This type of conversation may take some security managers outside of their comfort zones. But as security managers become more important to their organization's business success--and become elevated to senior leadership themselves--it’s critical they understand how to take the data they’re used to working with and translate it into something meaningful for their fellow leaders.

This is where financial cyber risk quantification comes in. Put simply, financial quantification is the act of quantifying cyber risk in financial terms. For instance, a security manager might understand that a "distributed denial of service" attack could take their systems down for five days, but what does that mean in terms of a financial hit for the company? Financial qualification can give security managers and management teams a good estimate. 

There are many reasons why translating cyber risk into financial risk is beneficial for everyone. With a better idea of the financial ramifications of a cyber attack, management might be more inclined to allocate more budget and resources to improving their organizations’ cyber defense systems, resulting in technology modernization, new hires, and more secure cyber risk management processes. Underwriters can better understand whether or not to grant a company cybersecurity insurance and, if they do, how much. 

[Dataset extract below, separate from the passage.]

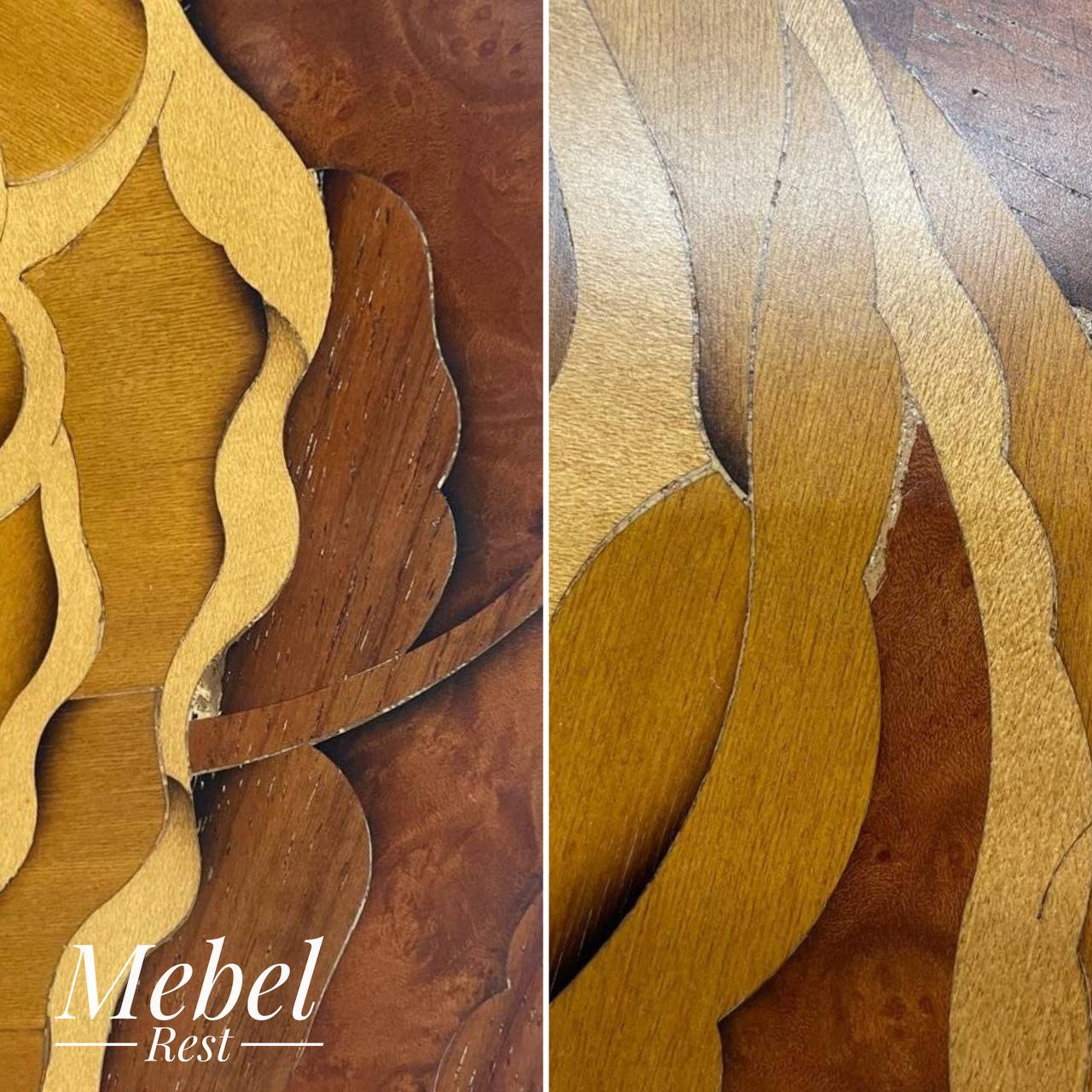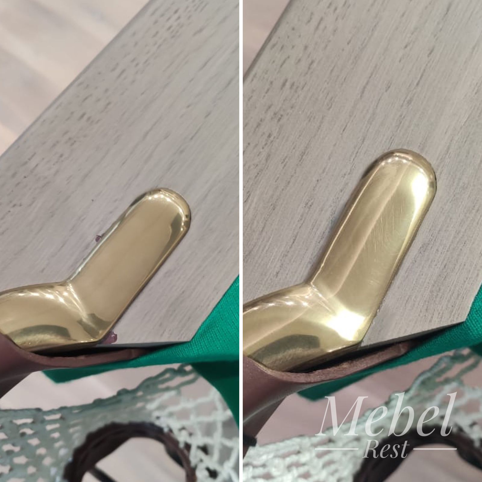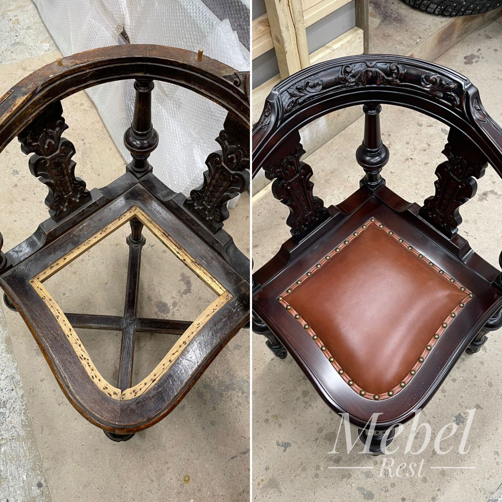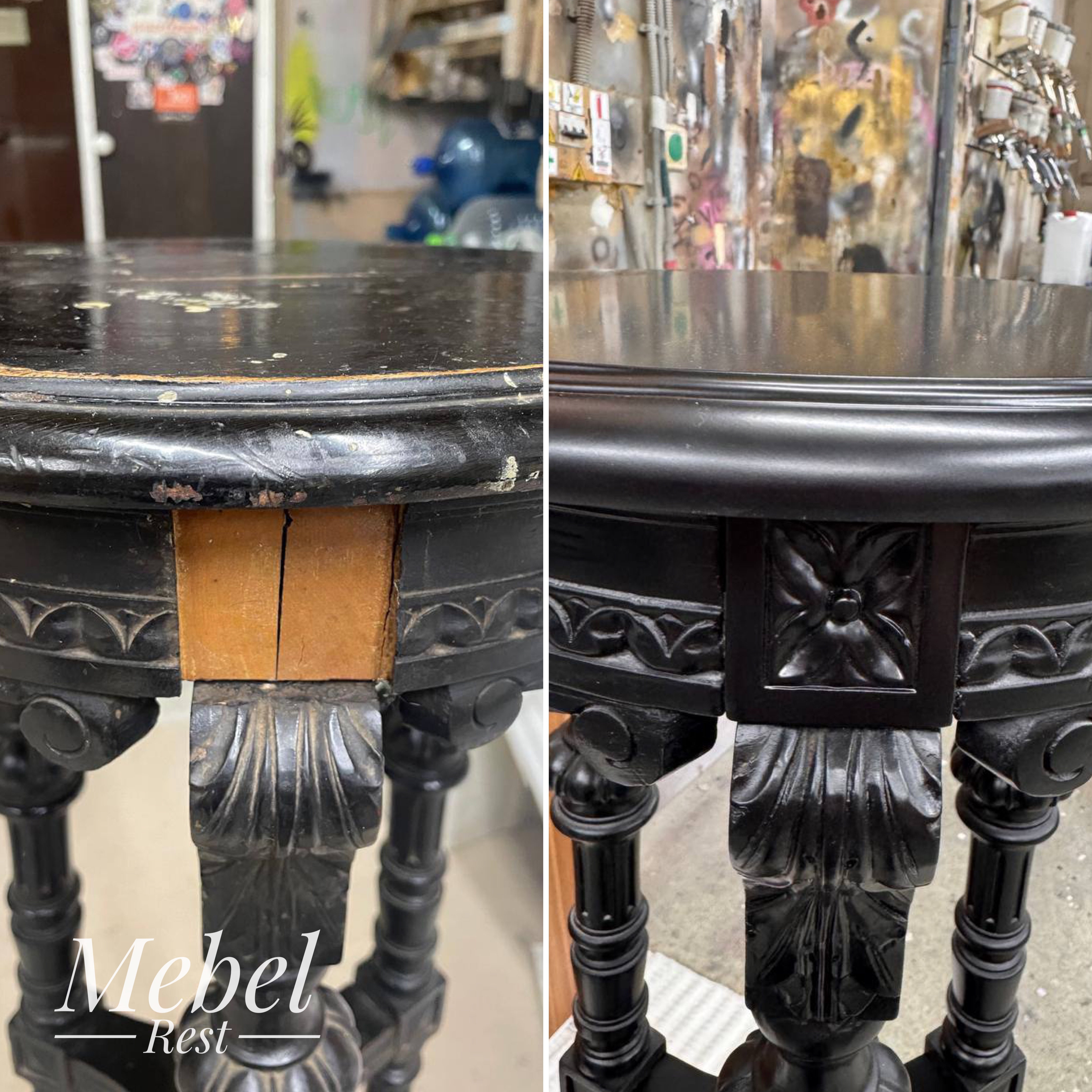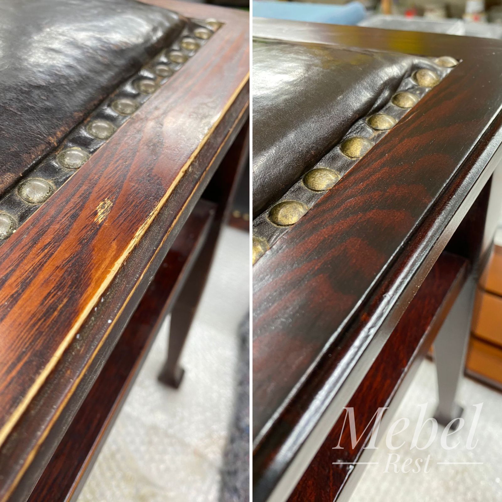 На второй день уже укрепленное место точечно было запаяно реставрационным воском, и подбирался тон фактуры дерева. На следующем этапе место реставрации было покрыто матовым водным лаком. На третий и четвертый день то же самое проделали с другим местом слома. Из-за предыдущего непрофессионального ремонта пришлось придать подлокотнику напряжение, чтобы свести две плоскости.

Simplify financial quantification and deliver results faster.

The last thing anyone needs is yet another drawn-out, inefficient, and complex process. Unfortunately, those are some of the common challenges with traditional financial quantification. It takes a long time to collect and analyze the right data and turn it into actionable intelligence.

That’s why Bitsight created Financial Quantification for Enterprise Cyber Risk. This add-on module to our Security Performance Management suite combines the power of Bitsight’s cybersecurity capabilities with Kovrr’s risk modeling technology for cyber insurance to deliver clear insights into the correlation between cyber and financial risk. Financial Quantification for Enterprise Cyber Risk simulates an organization’s potential financial exposure based on a wealth of cybersecurity framework data, cyber insurance claims data, and more. It presents findings in a way that leadership teams can understand.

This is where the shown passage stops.